The synoptists thus say that Jesus was without honor in Galilee; John says that he was without honor in Judea, and for that reason left there and went into Galilee. According to the synoptists the Galileans rejected him; John says "the Galileans received him"; according to Matthew, Mark, and Luke, Galilee was "his own country"; according to John, Judea was "his own country."
Thus Christendom's Jewish prophet is stripped of honor, not only in "his own country," which honored him not, but in the credulous Christian world, which has dishonored itself by believing -- and by murdering and martyring millions who would not believe -- these childish, contradictory tales of the Christ.
This summary review of the reputed life and acts of Jesus of Nazareth, as set forth in the only human documents in which they are with any pretense of inspiration recorded, has more than abundantly shown, to even the most reverently credulous, the degree of inspired truth in the gospel stories.

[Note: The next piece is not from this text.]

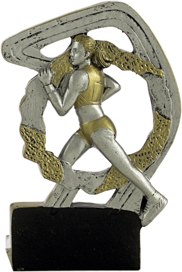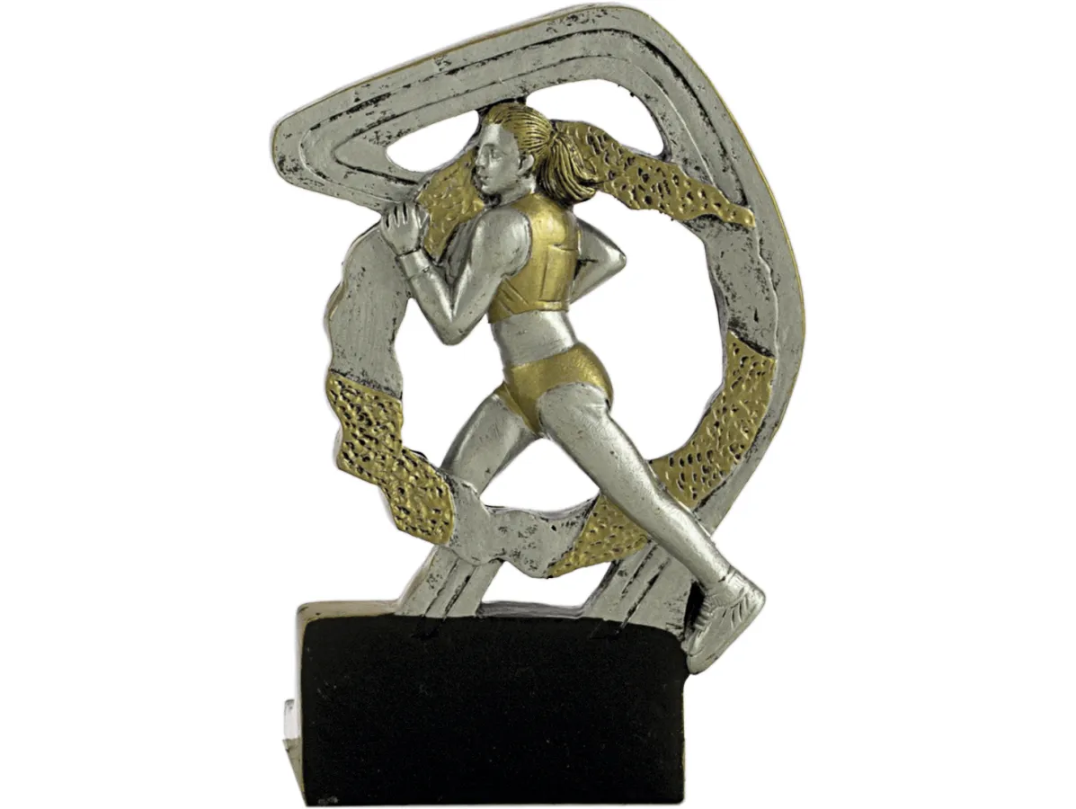 Resin-Trophäe in Gold- und Silbertönen, speziell entwickelt, um Cross- oder Runing-Events zu belohnen. Nur ein Maß von ca. 12 cm.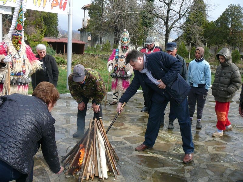 Станчо Станчев, кмет на с. Драгоданово поздрави гостите и участниците в Маскарадните игри. Заедно със заместник-кмета и областния управител запалиха традиционния огън, който се прави на Сирни Заговезни и прескача от хората за здраве и благополучие.

The common asseveration of veracity, "true as the gospel," has lost force as a convincing assurance. "On my word of honor" is to be recommended as a more persuasive formula for men of truth and honor.
It is sad perhaps to discover that the long-cherished gospels are totally wanting in that "harmony" which has long been regarded as their most potent assurance of truth. But the simple process of attentively comparing their records and pointing out their contradictions has stripped them of all pretense of being inspired truth. These gospels prove themselves -- as historical records -- to be clumsy fabrications of impossibilities, palmed off upon an ignorant and credulous populace -- a whole generation and more after the pretended events, by perhaps well-meaning persons, pretending, as Paul admits of himself, by their lies to make the glory of God the more to abound (Rom. 3: 7 ).